▶ [Requirement] Would you reproduce exactly, and only, the lines starting at the one with "3、通过点击右下角的按钮来进行跳跃和攻击;" and ending at the last line of the data, with both included? Leave the pictures out.

▶ [Data block]
+++

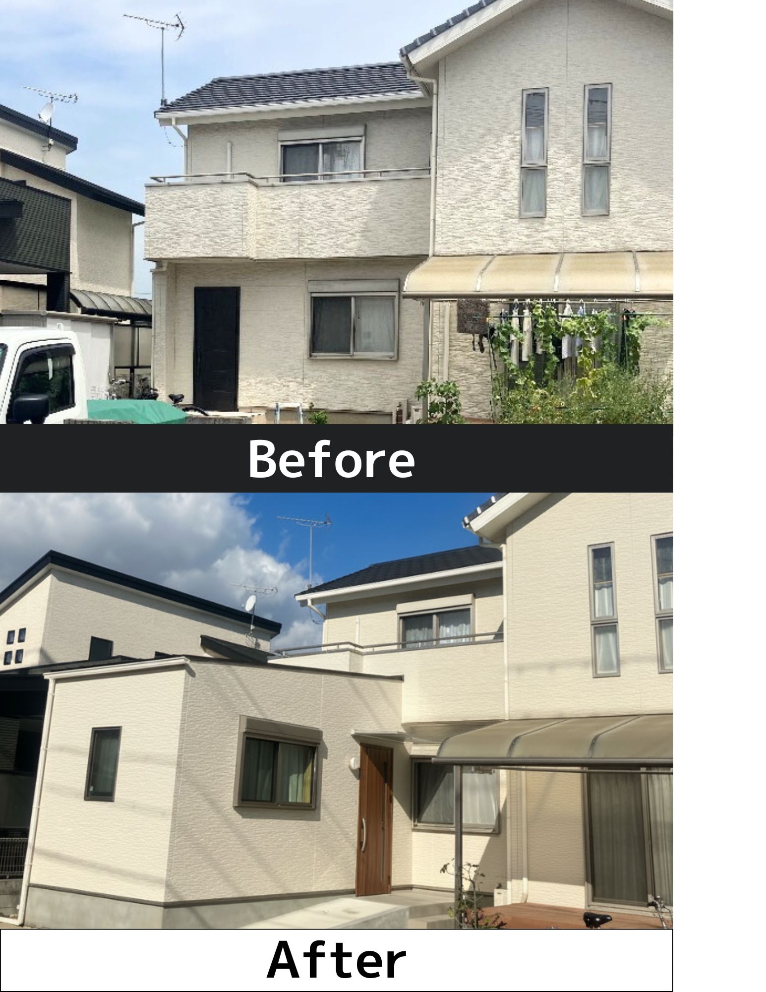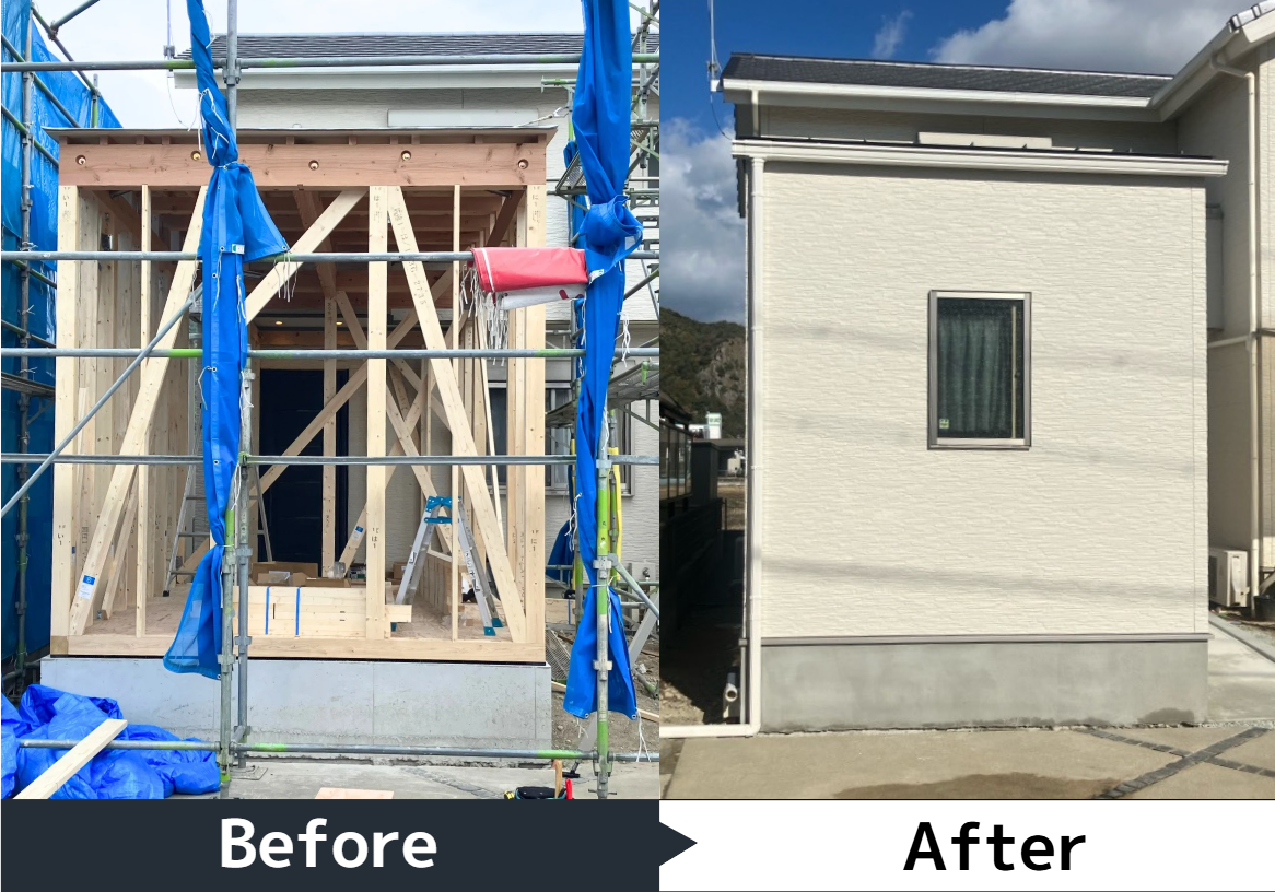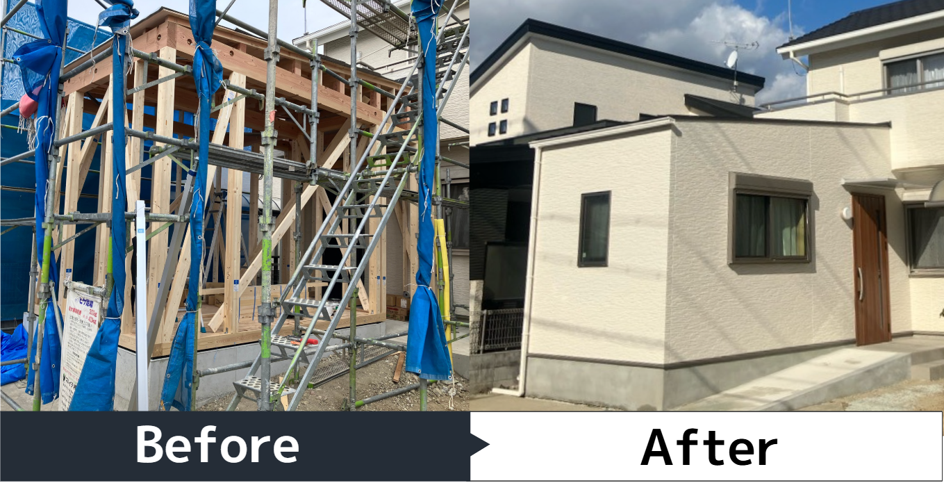 既存の玄関ドア部分と下駄箱を撤去・解体し、玄関ホールを3帖スペースに広くしました。増築部分の洋室は駐車場スペースを活用して6帖の広さを実現しました。玄関の位置も変更され、使いやすく開放感のある空間に。 -
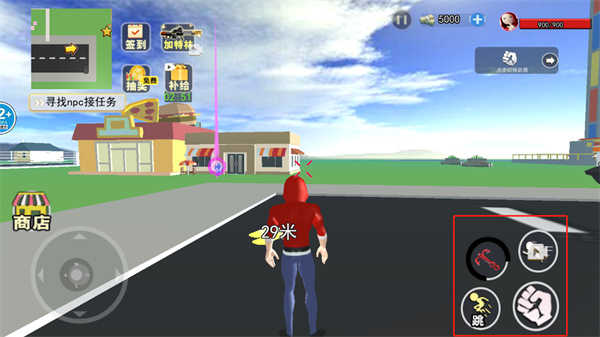3、通过点击右下角的按钮来进行跳跃和攻击;
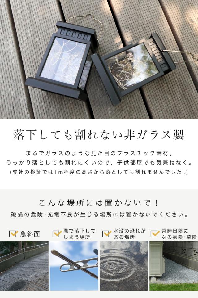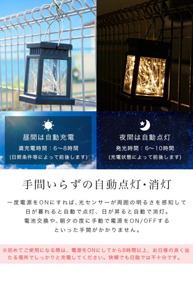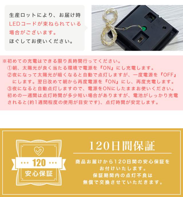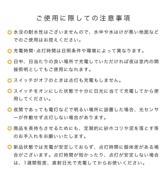 ※水没の耐水性はございませんので、水中や水はけが悪い地面などでのご使用はお控えください。 ※充電時間・点灯時間は日照条件や環境によって異なります。 ※日中、日当たりの良い場所で充電していただければ夜は室内の間接照明としてもご使用になれます。 ※スイッチがオフのときは点灯も充電もしません。 ※スイッチをオンにした状態で十分に日光に当てて充電してから使用してください。 ※夜間であっても電灯などで明るい場所に設置した場合、光センサーが作動せず点灯しない場合があります。 ※商品を長持ちさせるためにも、定期的に砂ホコリや泥を落とす等のお手入れをお願いいたします。 ※新品状態では充電が安定しておらず、点灯時間に個体差がある場合がございます。点灯時間が短かったり、点灯が安定しない場合は、1週間程度、直射日光で充電してからお使いください。 |
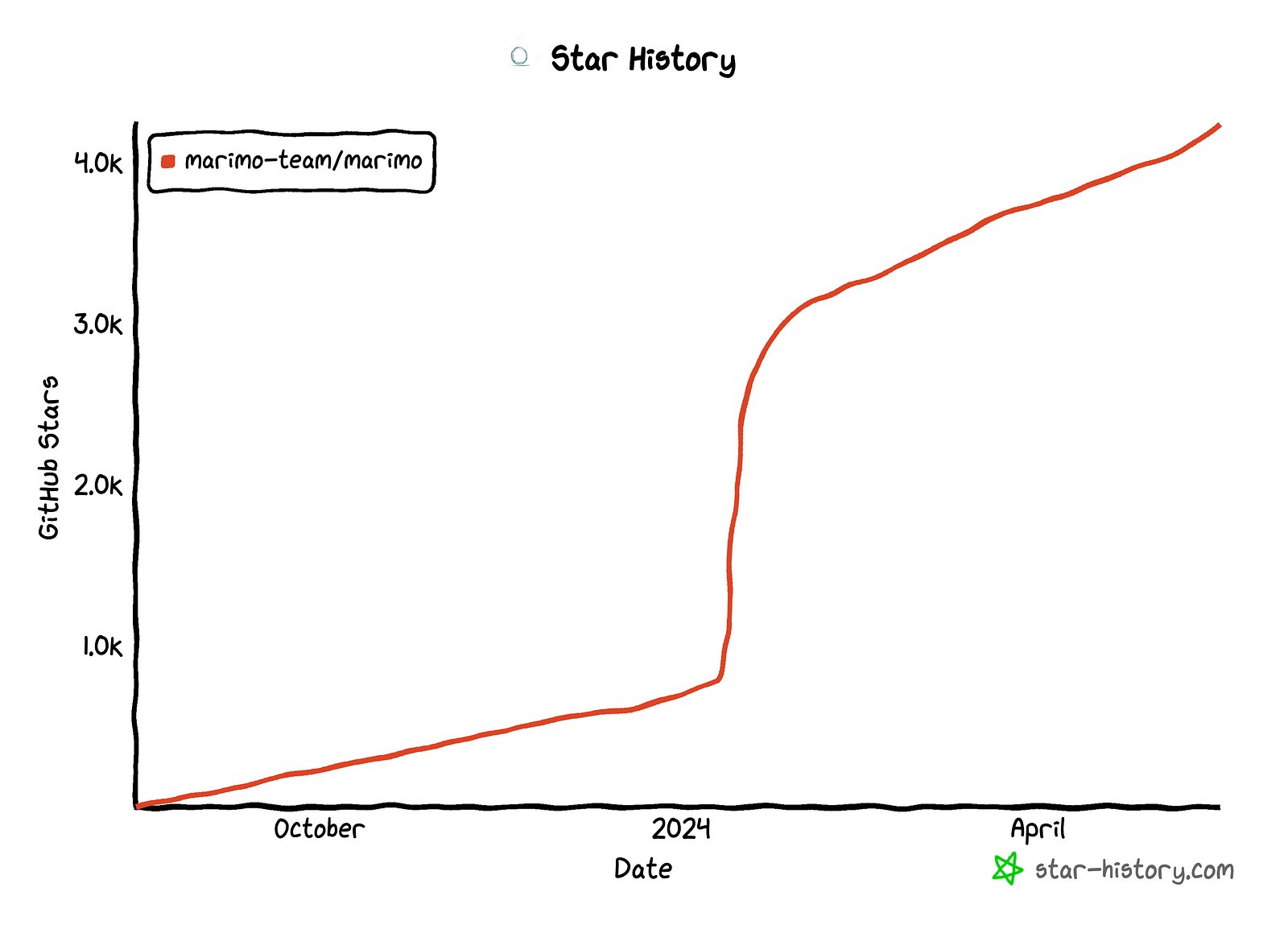 The initial commit took place on the 14th of August 2023 according to the git history. Since it was quite an extensive commit it seems that the team had already invested quite some time into the development of it before then. Since then it has been growing in popularity, or at least in Github stars, and it really took off in January 2024. Whether it was a popular New Year’s resolution or just a slow week at the office, more and more people have adopted marimo as their Jupyter notebook replacement. Let’s dive into why they have done that and whether you should too.

+++

▶ [Written answer]
3、通过点击右下角的按钮来进行跳跃和攻击;
 ※水没の耐水性はございませんので、水中や水はけが悪い地面などでのご使用はお控えください。 ※充電時間・点灯時間は日照条件や環境によって異なります。 ※日中、日当たりの良い場所で充電していただければ夜は室内の間接照明としてもご使用になれます。 ※スイッチがオフのときは点灯も充電もしません。 ※スイッチをオンにした状態で十分に日光に当てて充電してから使用してください。 ※夜間であっても電灯などで明るい場所に設置した場合、光センサーが作動せず点灯しない場合があります。 ※商品を長持ちさせるためにも、定期的に砂ホコリや泥を落とす等のお手入れをお願いいたします。 ※新品状態では充電が安定しておらず、点灯時間に個体差がある場合がございます。点灯時間が短かったり、点灯が安定しない場合は、1週間程度、直射日光で充電してからお使いください。 |
 The initial commit took place on the 14th of August 2023 according to the git history. Since it was quite an extensive commit it seems that the team had already invested quite some time into the development of it before then. Since then it has been growing in popularity, or at least in Github stars, and it really took off in January 2024. Whether it was a popular New Year’s resolution or just a slow week at the office, more and more people have adopted marimo as their Jupyter notebook replacement. Let’s dive into why they have done that and whether you should too.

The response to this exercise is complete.